* Material for the task *
***
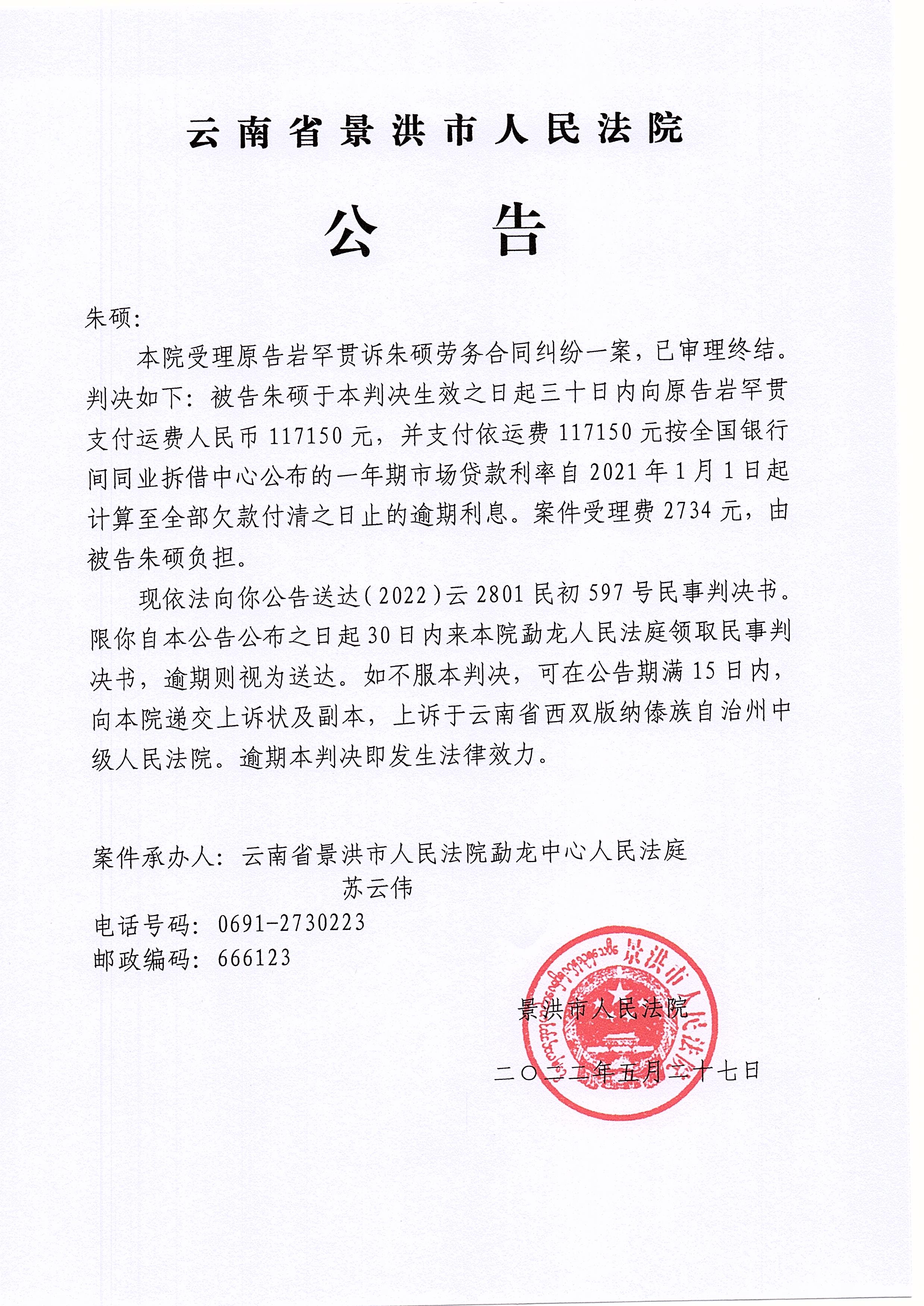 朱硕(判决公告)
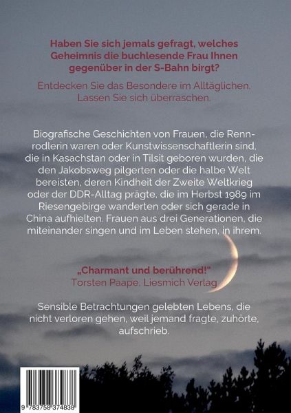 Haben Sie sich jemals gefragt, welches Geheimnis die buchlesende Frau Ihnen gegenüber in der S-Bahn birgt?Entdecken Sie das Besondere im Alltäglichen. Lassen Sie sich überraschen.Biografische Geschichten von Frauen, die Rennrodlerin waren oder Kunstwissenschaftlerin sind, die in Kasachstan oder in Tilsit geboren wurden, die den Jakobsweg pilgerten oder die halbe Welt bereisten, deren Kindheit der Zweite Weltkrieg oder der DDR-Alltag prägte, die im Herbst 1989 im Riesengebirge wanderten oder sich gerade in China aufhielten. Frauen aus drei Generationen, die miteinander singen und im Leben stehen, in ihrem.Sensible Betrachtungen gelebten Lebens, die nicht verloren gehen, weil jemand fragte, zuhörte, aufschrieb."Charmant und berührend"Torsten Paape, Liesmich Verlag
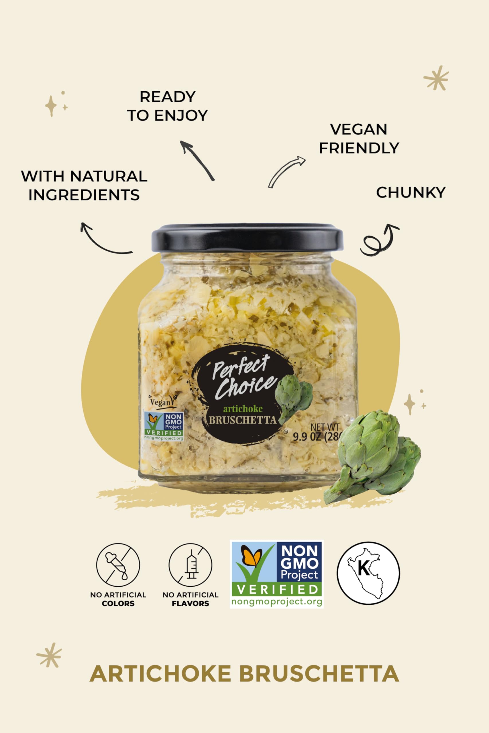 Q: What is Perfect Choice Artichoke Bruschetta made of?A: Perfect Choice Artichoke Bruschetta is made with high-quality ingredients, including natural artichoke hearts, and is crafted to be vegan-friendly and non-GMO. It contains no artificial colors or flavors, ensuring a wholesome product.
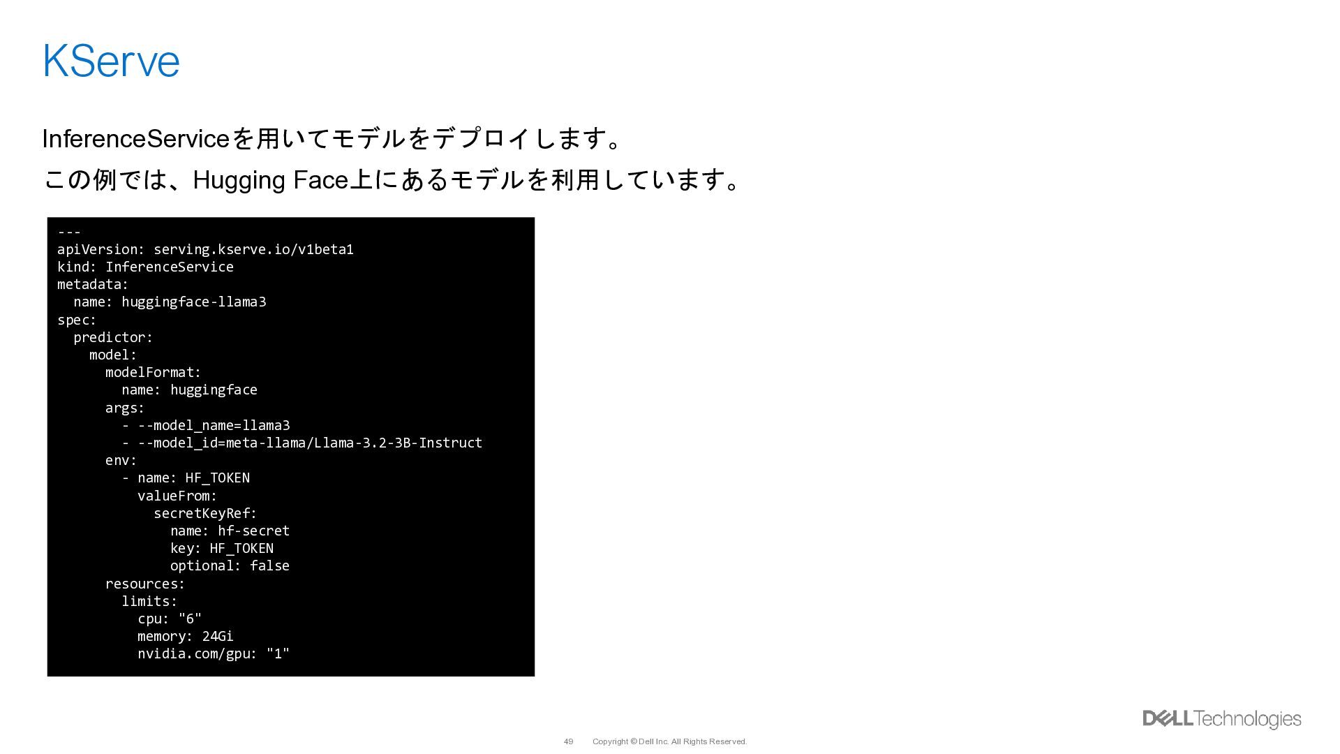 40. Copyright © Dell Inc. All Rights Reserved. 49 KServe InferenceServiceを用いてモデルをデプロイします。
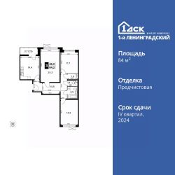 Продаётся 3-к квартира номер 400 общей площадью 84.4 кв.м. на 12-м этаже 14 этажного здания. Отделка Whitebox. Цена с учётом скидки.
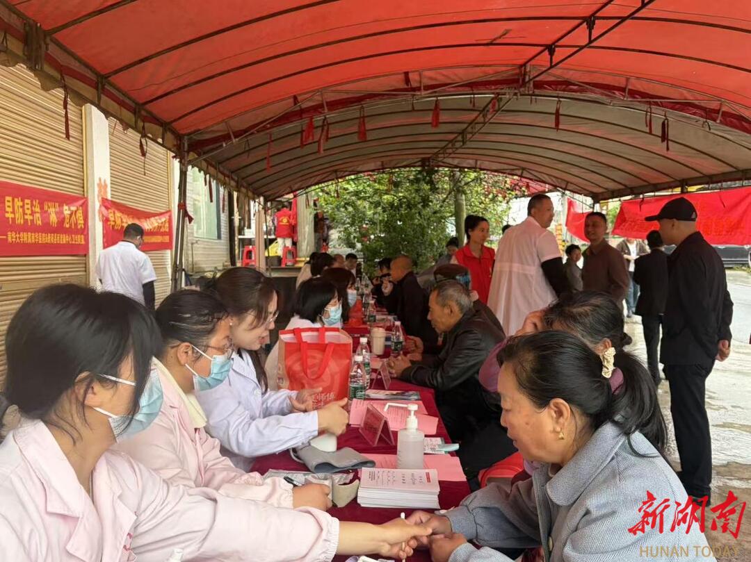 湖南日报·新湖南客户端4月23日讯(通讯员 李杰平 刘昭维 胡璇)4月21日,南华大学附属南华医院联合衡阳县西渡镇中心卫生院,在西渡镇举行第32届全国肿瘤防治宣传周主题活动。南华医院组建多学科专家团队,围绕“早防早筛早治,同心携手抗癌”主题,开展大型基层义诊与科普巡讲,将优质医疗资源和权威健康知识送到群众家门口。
***
* Task brief *
Would you repeat the listing above exactly, minus the images?

* Solution below *
 朱硕(判决公告)
 Haben Sie sich jemals gefragt, welches Geheimnis die buchlesende Frau Ihnen gegenüber in der S-Bahn birgt?Entdecken Sie das Besondere im Alltäglichen. Lassen Sie sich überraschen.Biografische Geschichten von Frauen, die Rennrodlerin waren oder Kunstwissenschaftlerin sind, die in Kasachstan oder in Tilsit geboren wurden, die den Jakobsweg pilgerten oder die halbe Welt bereisten, deren Kindheit der Zweite Weltkrieg oder der DDR-Alltag prägte, die im Herbst 1989 im Riesengebirge wanderten oder sich gerade in China aufhielten. Frauen aus drei Generationen, die miteinander singen und im Leben stehen, in ihrem.Sensible Betrachtungen gelebten Lebens, die nicht verloren gehen, weil jemand fragte, zuhörte, aufschrieb."Charmant und berührend"Torsten Paape, Liesmich Verlag
 Q: What is Perfect Choice Artichoke Bruschetta made of?A: Perfect Choice Artichoke Bruschetta is made with high-quality ingredients, including natural artichoke hearts, and is crafted to be vegan-friendly and non-GMO. It contains no artificial colors or flavors, ensuring a wholesome product.
 40. Copyright © Dell Inc. All Rights Reserved. 49 KServe InferenceServiceを用いてモデルをデプロイします。
 Продаётся 3-к квартира номер 400 общей площадью 84.4 кв.м. на 12-м этаже 14 этажного здания. Отделка Whitebox. Цена с учётом скидки.
 湖南日报·新湖南客户端4月23日讯(通讯员 李杰平 刘昭维 胡璇)4月21日,南华大学附属南华医院联合衡阳县西渡镇中心卫生院,在西渡镇举行第32届全国肿瘤防治宣传周主题活动。南华医院组建多学科专家团队,围绕“早防早筛早治,同心携手抗癌”主题,开展大型基层义诊与科普巡讲,将优质医疗资源和权威健康知识送到群众家门口。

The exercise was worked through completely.